15 thoughts on “Find Locked Accounts in Active Directory (2 Options)”

  1. Hi Robert,

    Looking at the script above (AD locked user) I want the result to show me only the NON DISABLED accounts for which (Search-ADAccount -lockedout | where-object {$_.enabled -eq ‘True’}) works but I also want to sort the result by date – i.e Last Log On Date.

    Much appreciated

  2. Seems the AD Query method can also show accounts that aren’t actually locked.
    I suspect it’s when an account is locked out, and it then unlocks itself due to the lockout period policy being reached.
    It seems the lockouttime flag is still greater than one in this instance, despite the user account not being locked.

    You can clear and remove these from the query view by ticking the “Unlock Account” option in the user properties, even though the account isn’t locked. This seems to then put that flag back to 0.

    • Hi Carl,

      I’m also experiencing some inaccurate results with the LDAP query. I would stick to using PowerShell for this, it seems more accurate and is easier to use in my opinion.

    • Yes, use this command to check a single user. Change username to the account name you want to check.

      Get-ADUser username -Properties * | Select-Object LockedOut

  3. I add that query to our AD, the it gives user list. Then I open a user account in ALL Locked User Accounts folder but they did not show that user is locked.

    • Joey, yes you can filter and just show locked users for enabled users. This should do it.

      Search-ADAccount -lockedout | where-object {$_.enabled -eq 'True'}

  4. SO you have the locked out account, but the user already came to you advising you the same. I found this post searching to hoping to find the cause of the lockout.
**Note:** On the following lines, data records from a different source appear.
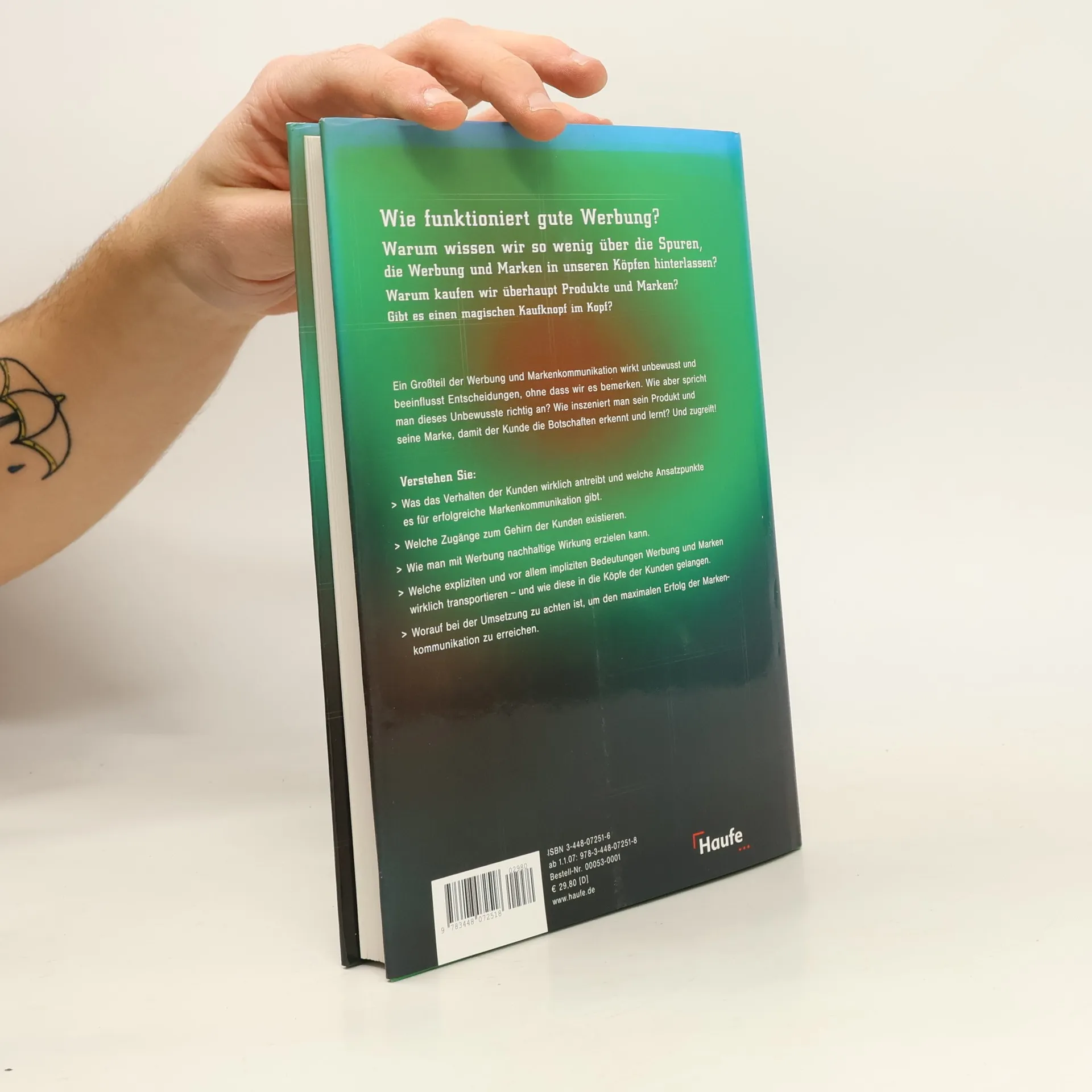 Testverfahren zeigen, welche Spuren Marken und Werbung in den Köpfen von Kunden hinterlassen und was von ihnen wahrgenommen wird. Lesen Sie hier, wie Werbung so gestaltet wird, dass sie den Weg zum Gehirn des Kunden findet und sein Kaufverhalten beeinflusst. Inhalte Was das Verhalten der Kunden wirklich antreibt und welche Ansatzpunkte es für erfolgreiche Markenkommunikation gibt. Welche Zugänge zum Gehirn der Kunden existieren. Wie man mit Werbung nachhaltige Wirkung erzielt. Welche expliziten und vor allem impliziten Bedeutungen Werbung und Marken wirklich transportieren - und wie diese in die Köpfe des Konsumenten gelangen. Worauf bei der Umsetzung zu achten ist, um den maximalen Erfolg der Markenkommunikationzu erreichen.
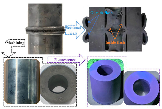 GH4065A alloy IFW joints had complete flash, the outside flash was turned 0.2 mm, the inside flash was turned 1.5 mm. The fluorescent flaw detection results after acetone cleaning showed that the joint had no cracks, as shown in Figure 1.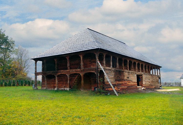 W dawnej Polsce w obrębie zabudowań dworskich nie mogło zabraknąć spichlerza - magazynu na płody rolne. Były to najczęściej drewniane dwu-kondygnacyjne budynki kryte gontowym czterospadowym dachem, które często obiegały ganki wsparte na słupach.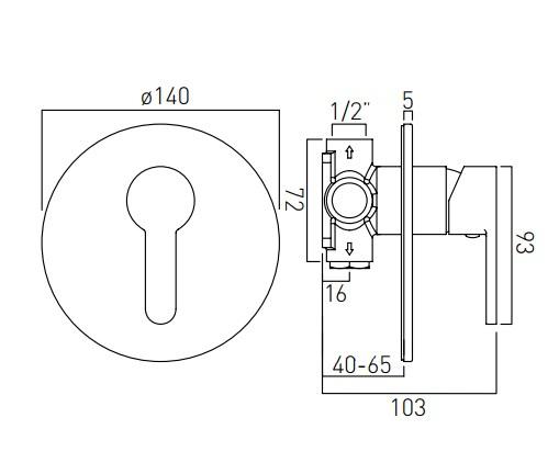 Vado Sense Concealed Single Lever Wall Mounted Manual Shower Valve With Diverter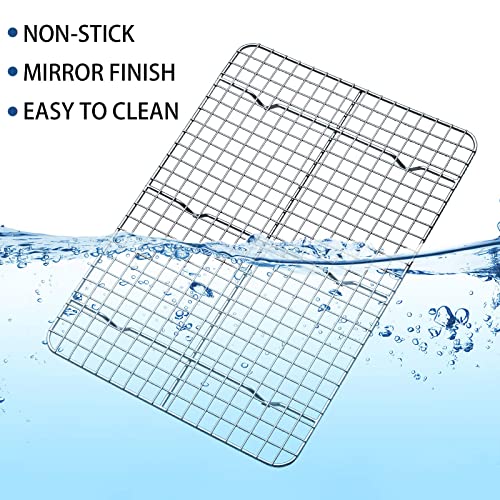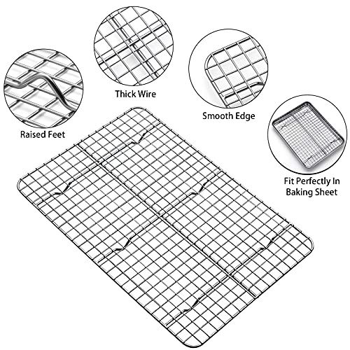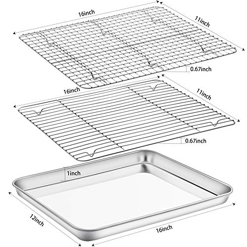 - 🍑【PERFECT KIT】This product has a total of 4 sets, including 2 baking trays 16 x 12 x 1 inch, a dense grid rack and a square row cooling rack 16 x 11 x 0.67 inch. It is very suitable for ovens and toasters. It is for baking bacon, chicken wings, The best choice for biscuit and cake making.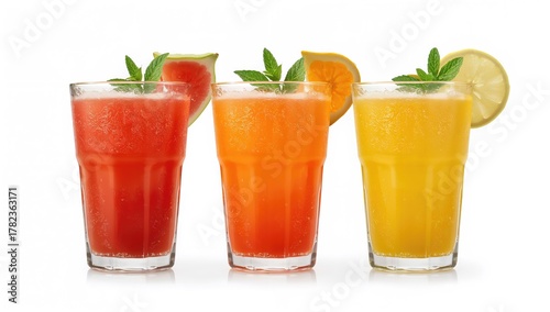 Three double-bottomed glass cups filled with lemonade in red, orange, and yellow, garnished with mint, summer refreshment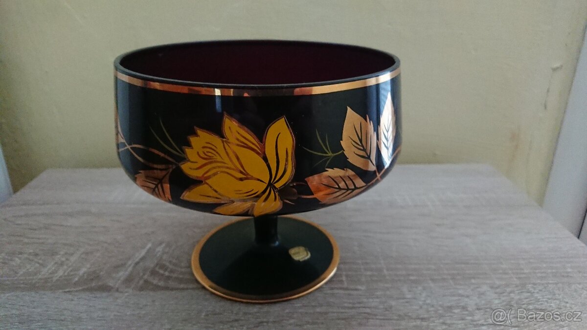 Prodám mísu na nožičce z modrého skla zdobenou zlatými květy a lístky. Výška 14,5cm, průměr vršku 16,5cm, průměr spodku 11cm. Osobní předání Praha nebo Louny. Poštou zasílám při platbě předem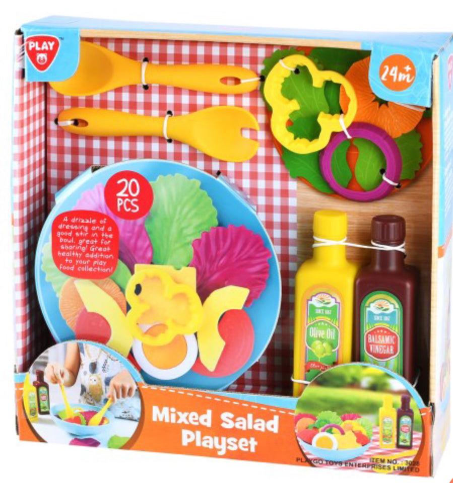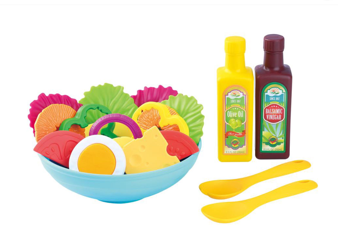Set includes 20 pcs. Great healthy addition to your play food connection.A drizzle and a good stir in the bowl, great for sharing.Realistic play foods.Fun imaginative role playing.Create a dining experience.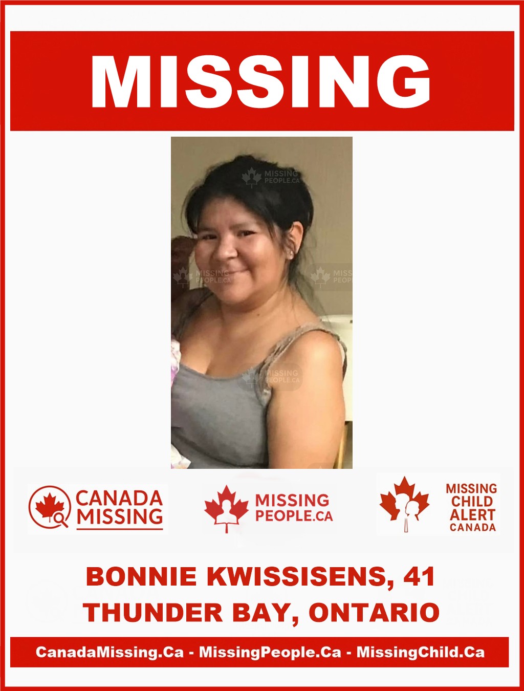 The Thunder Bay Police Service is requesting the public’s assistance in locating Bonnie Kwissisens, 41.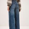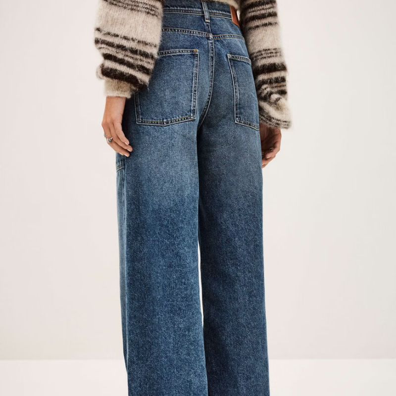 Pantalón de talle medio y pierna ancha. Tiene detalle de bolsillos de parche delanteros.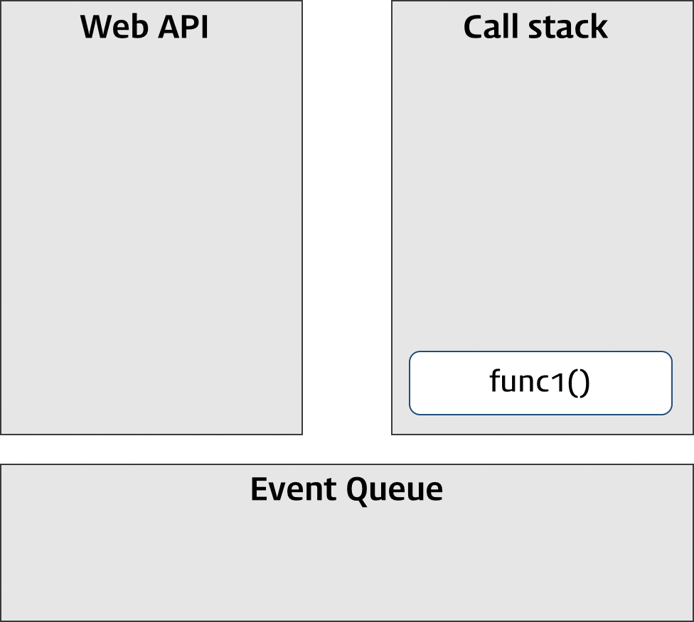 Event Loop Modl - func1 호출시 Call Stack이 쌓이고 func2를 호출하여 차례로 Stack이 쌓이며 setTimeout이 호출됨

I’ve ran Lockoutstatus.exe from Microsoft and we already reset the user’s account (he will most likely be back tomorrow). I see nothing from the powershell results or the Microsoft result showing the root cause of the lockout(s). Microsoft gave me a list of our DCs which is nice but not useful in this case. Ideas?

  5. For the PowerShell command, users may need to type

    Import-Module ActiveDirectory

    before the search-adaccount command will work.

    • If you have PowerShell V5 or later you shouldn’t need to use the import module command. When you run PowerShell it should load any modules that you have installed.